§ **Task item**
In the records below, the lines between the one holding "茶花油壸厨房玻璃油壶防漏油罐壶家用装油瓶酱油壶调料瓶醋瓶醋壶" and the one holding "In the night", inclusive, are to be transcribed exactly; no pictures are to be included.

§ **Record excerpts**
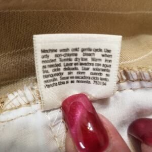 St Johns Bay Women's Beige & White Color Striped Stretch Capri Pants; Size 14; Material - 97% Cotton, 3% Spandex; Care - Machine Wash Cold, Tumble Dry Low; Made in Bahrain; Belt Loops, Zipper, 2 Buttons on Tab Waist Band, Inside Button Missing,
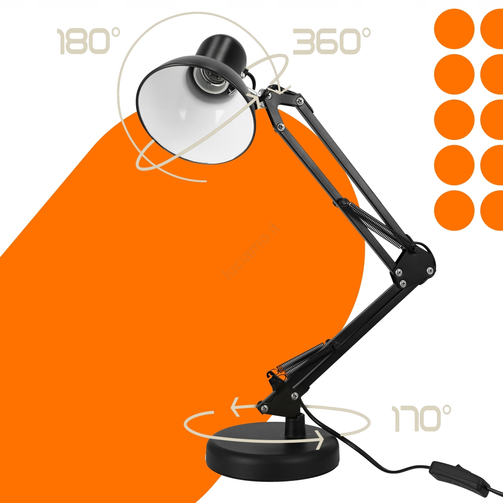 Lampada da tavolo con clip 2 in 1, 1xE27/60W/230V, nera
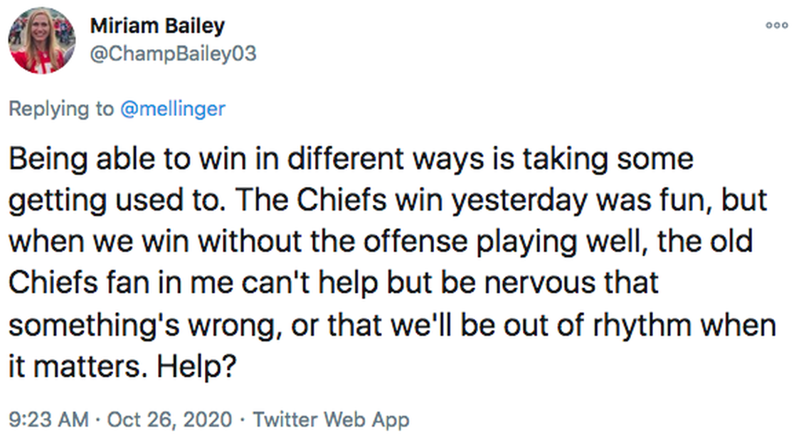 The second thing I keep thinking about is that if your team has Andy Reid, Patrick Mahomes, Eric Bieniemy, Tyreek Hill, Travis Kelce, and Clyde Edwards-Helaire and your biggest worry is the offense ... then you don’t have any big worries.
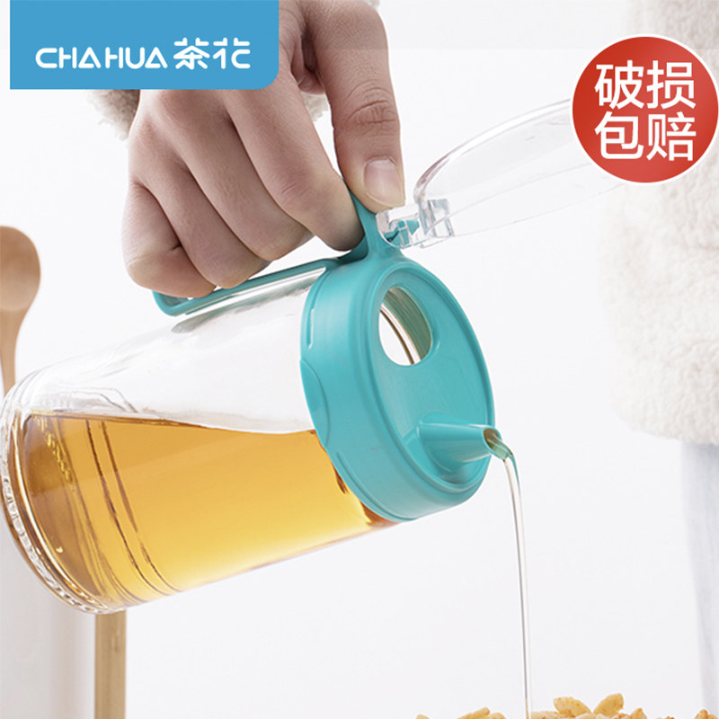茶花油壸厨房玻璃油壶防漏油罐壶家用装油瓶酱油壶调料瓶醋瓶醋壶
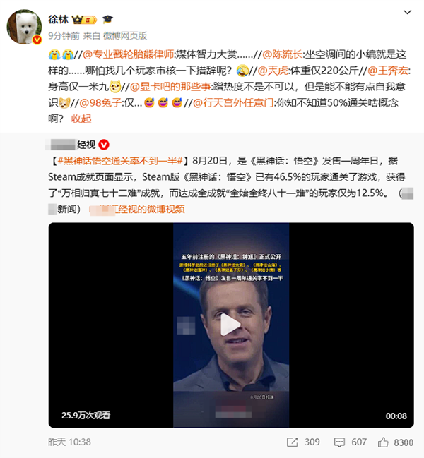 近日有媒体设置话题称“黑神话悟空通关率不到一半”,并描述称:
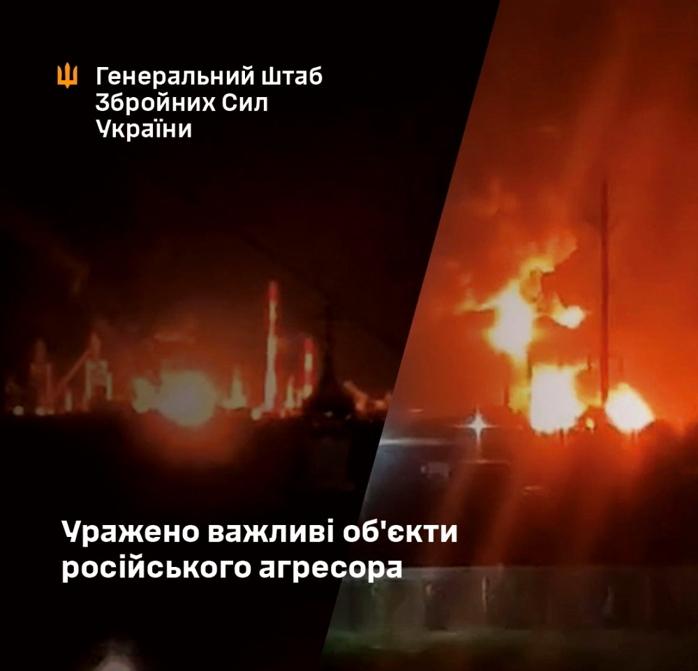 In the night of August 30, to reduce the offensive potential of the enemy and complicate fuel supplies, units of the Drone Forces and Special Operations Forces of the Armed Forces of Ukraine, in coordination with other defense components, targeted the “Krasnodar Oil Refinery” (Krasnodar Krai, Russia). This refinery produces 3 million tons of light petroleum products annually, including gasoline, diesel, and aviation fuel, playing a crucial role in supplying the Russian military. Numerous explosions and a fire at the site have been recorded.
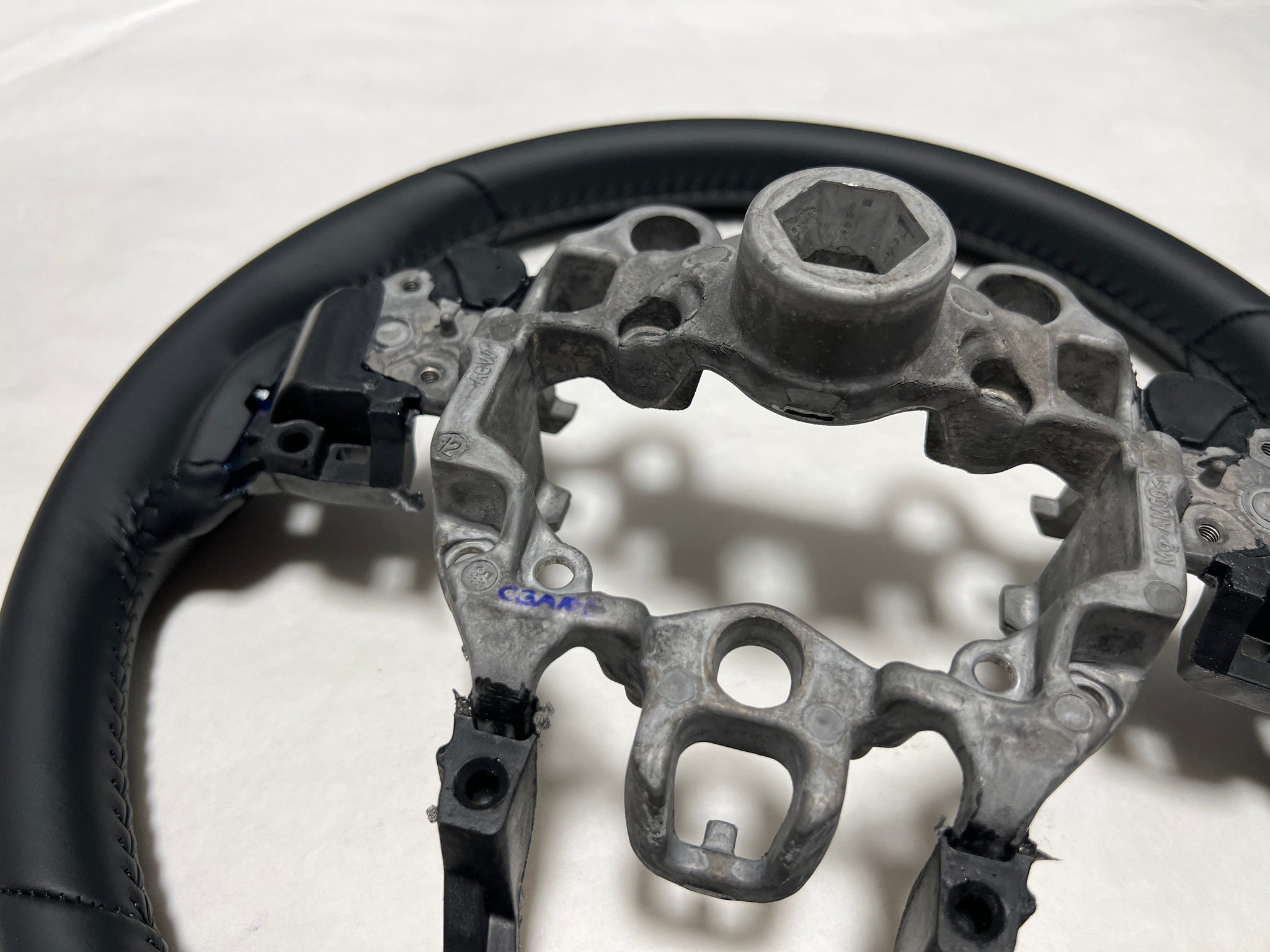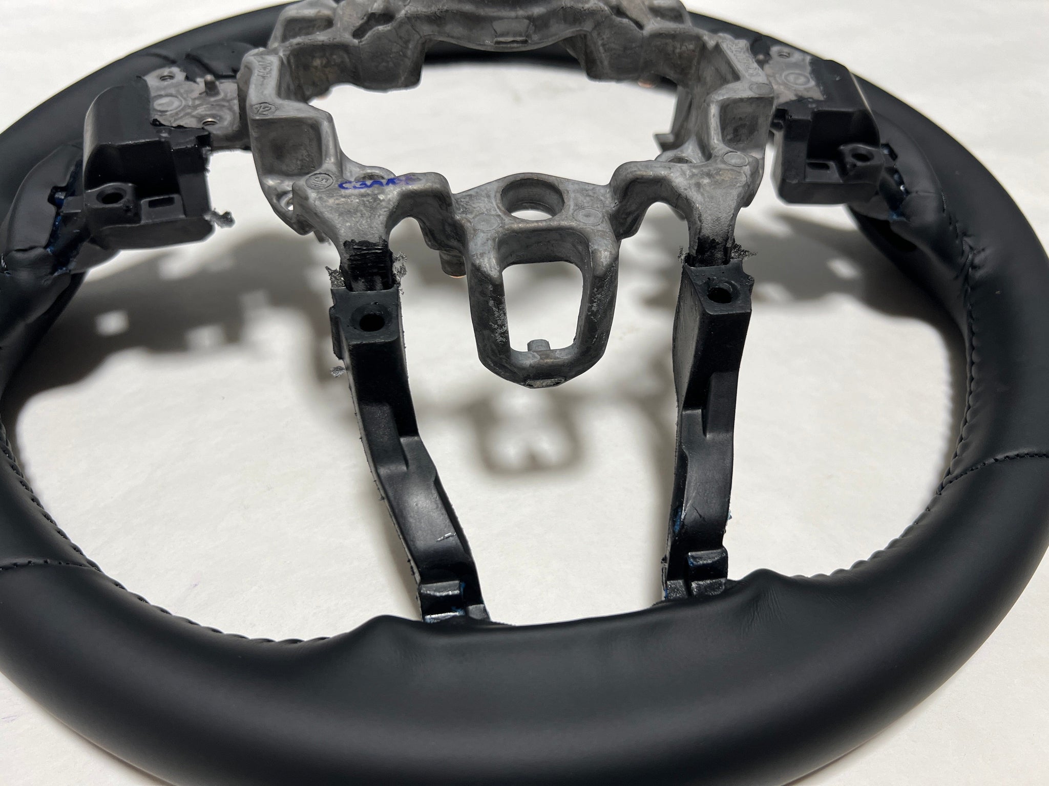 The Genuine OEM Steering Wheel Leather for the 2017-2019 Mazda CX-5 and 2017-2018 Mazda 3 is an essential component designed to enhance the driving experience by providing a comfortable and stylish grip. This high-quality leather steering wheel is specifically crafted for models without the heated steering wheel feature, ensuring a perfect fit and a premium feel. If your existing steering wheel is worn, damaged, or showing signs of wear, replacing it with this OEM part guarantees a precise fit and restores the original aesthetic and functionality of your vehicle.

§ **Task solution**
茶花油壸厨房玻璃油壶防漏油罐壶家用装油瓶酱油壶调料瓶醋瓶醋壶
 近日有媒体设置话题称“黑神话悟空通关率不到一半”,并描述称:
 In the night of August 30, to reduce the offensive potential of the enemy and complicate fuel supplies, units of the Drone Forces and Special Operations Forces of the Armed Forces of Ukraine, in coordination with other defense components, targeted the “Krasnodar Oil Refinery” (Krasnodar Krai, Russia). This refinery produces 3 million tons of light petroleum products annually, including gasoline, diesel, and aviation fuel, playing a crucial role in supplying the Russian military. Numerous explosions and a fire at the site have been recorded.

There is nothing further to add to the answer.